Conversas de iogue: o que tem por trás dessa filosofia?

Um dia você decidiu experimentar. Depois de aquele amigo zen tanto insistir, o analista recomendar e você sempre responder que não tem paciência pra essas coisas muito paradas, um dia você passou por acaso na frente de um estúdio e decidiu se matricular em uma aula de Ioga. Só pra ver como é…

Pode ser que, de cara, você tenha conseguido se desligar das suas inquietações e vivido uma experiência interessante. Talvez tenha se sentido mais relaxado e quem sabe até tenha passado o resto do dia mais disposto, com bom humor. Ou pode ser que você tenha se sentido incomodado, impaciente e desconfiado, mas escolheu continuar, afinal não é de uma hora pra outra que as coisas fazem efeito.

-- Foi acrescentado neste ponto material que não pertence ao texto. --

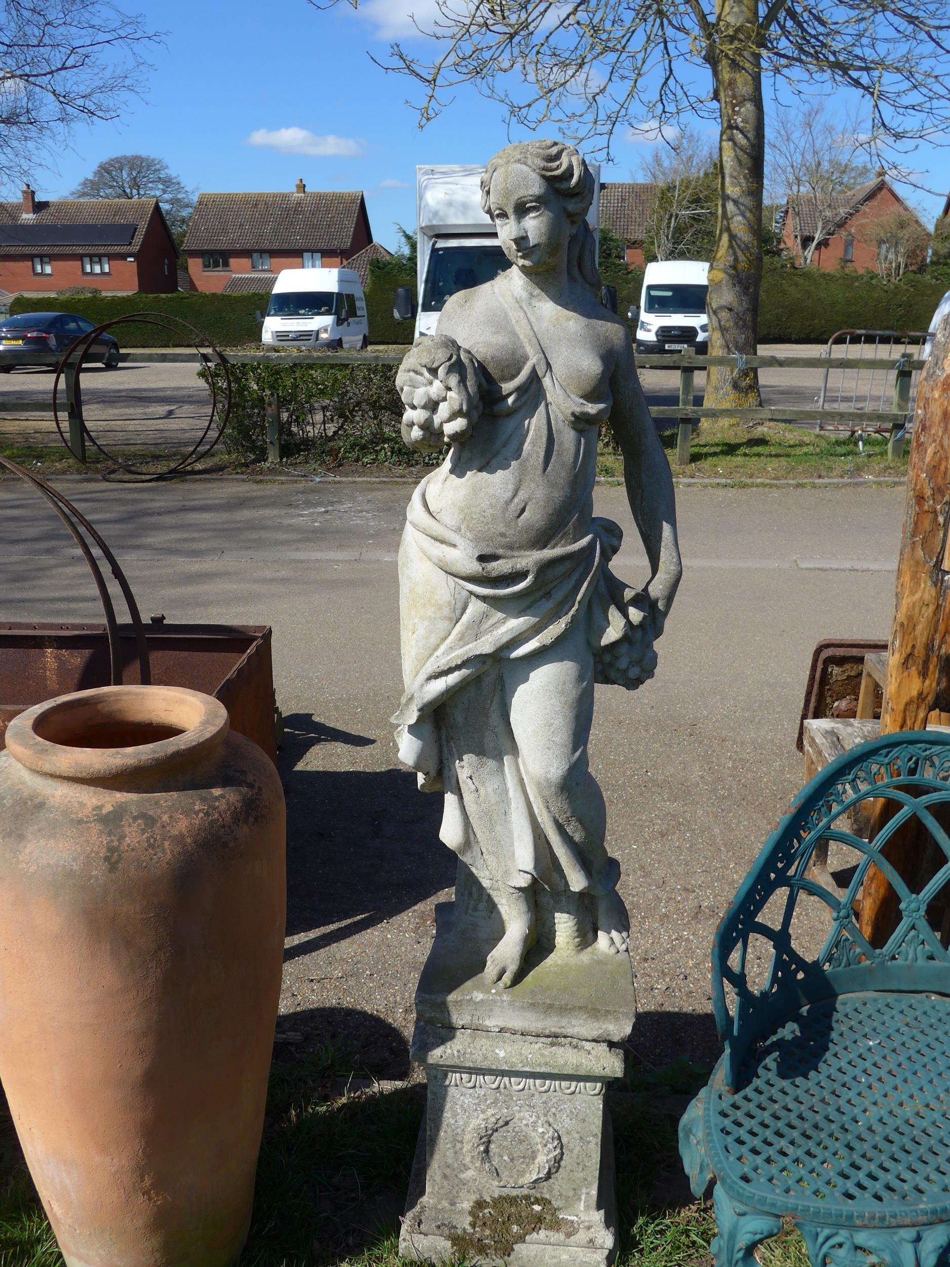 A composition figure of a maiden with grapes, on plinth, 158cm tall in total

Curioso ou desconfiado, você começa a conviver com pessoas que têm umas conversas estranhas. Gratidão pra cá, desapego pra lá, não violência, amor, viver o presente, silenciar a mente, energia vital, essência do ser, transformação, entrega para o universo e confia… “Essas pessoas não se dão conta de que estão sendo ingênuas, alienadas ou acomodadas?”, você se pergunta.

“Não posso silenciar minha mente se tenho uma questão importante para solucionar.” “Preciso reagir à altura quando erram comigo para deixar bem claro quem eu sou.” “Desapego, tipo indiferença?” “Como não me preocupar com o futuro que não está garantido ou com o passado que me marcou?” “Tantos problemas no mundo e vocês aí falando em gratidão e contentamento?”

“Esse papo de autoconhecimento parece autoajuda, assunto para pessoas inseguras.” “O mundo hoje em dia é muito competitivo, é preciso ser forte, não há espaço para humildade.” “Não preciso transformar nada.” Então você decide ignorar a parte filosófica, mas segue nas aulas porque, de alguma forma, aquilo está sendo útil. Sempre tem algo que se pode aproveitar…

Seu contato com ioga pode ter começado com diferentes graus de desconfiança ou curiosidade, mas é improvável que você tenha passado indiferente a esse jeito de viver e de se posicionar. Por isso, para quem ficou interessado em entender os fundamentos dessa filosofia, eu recomendo conhecer os “Ioga Sutras” de Patanjali.

A EXPERIÊNCIA DA MENTE

Considerado um texto clássico sobre a prática e a filosofa da ioga, o “Ioga Sutra” foi escrito por Patanjali, um sábio que viveu na Índia em algum período entre 200 a.C e 400 d.C. Ele não foi o criador dessas ideias, mas compilou o conhecimento que existia na época de forma dispersa para que pudesse ser transmitido de forma sistematizada.

Como o ensino se baseava na tradição oral, o texto de Patanjali foi escrito na forma de sutras, ou aforismos, que condensaram várias camadas de informações de forma enxuta para que pudessem ser facilmente decorados e transmitidos oralmente de mestre a discípulo. Daí surgiu a tradição de recitar os sutras e de estudar os comentadores que ajudam a interpretar os sentidos por trás do texto conciso.

E o que dizem esses aforismos? Tratam sobre o caminho da ioga de busca da compreensão da realidade –sobre nós e o universo– por meio do estudo da mente humana: como ela se relaciona com nossas escolhas, ações, sentimentos, padrões de comportamento e como podemos usá-la a nosso favor. Isso só pra começar…

Então, ao compreendermos melhor as possibilidades da mente, começam a fazer sentido aquelas frases que costumamos ouvir nas aulas de ioga. Uma nova janela de possibilidades se abre, como afirma Swami Vivekananda no livro “Raja-Yoga: o caminho da meditação”:

“[A Raja Yoga] declara que cada pessoa é apenas um canal para um infinito oceano de conhecimento e de energia existente por trás da humanidade. Ensina que os desejos e as necessidades estão no homem, que o poder de satisfazê-los também está no homem; e que não importa quando nem onde um desejo, uma necessidade ou uma prece tenha sido atendida, foi daquele infinito manancial que a provisão se originou, e não de algum ser sobrenatural.”

Mas tem um detalhe importante. A investigação da mente proposta nos sutras não se restringe ao estudo intelectual. Como explica Vivekananda, é preciso ir além do instinto (inconsciente) e da razão (consciente) para se compreender o estado transcendente ou supraconsciente da mente humana.

E isso só é possível por meio da experiência, base de todo o conhecimento, segundo o autor. “A experiência é o único mestre que temos. Podemos falar e refletir por toda a vida, mas não compreenderemos uma única palavra da verdade até que nós mesmos a tenhamos vivenciado.”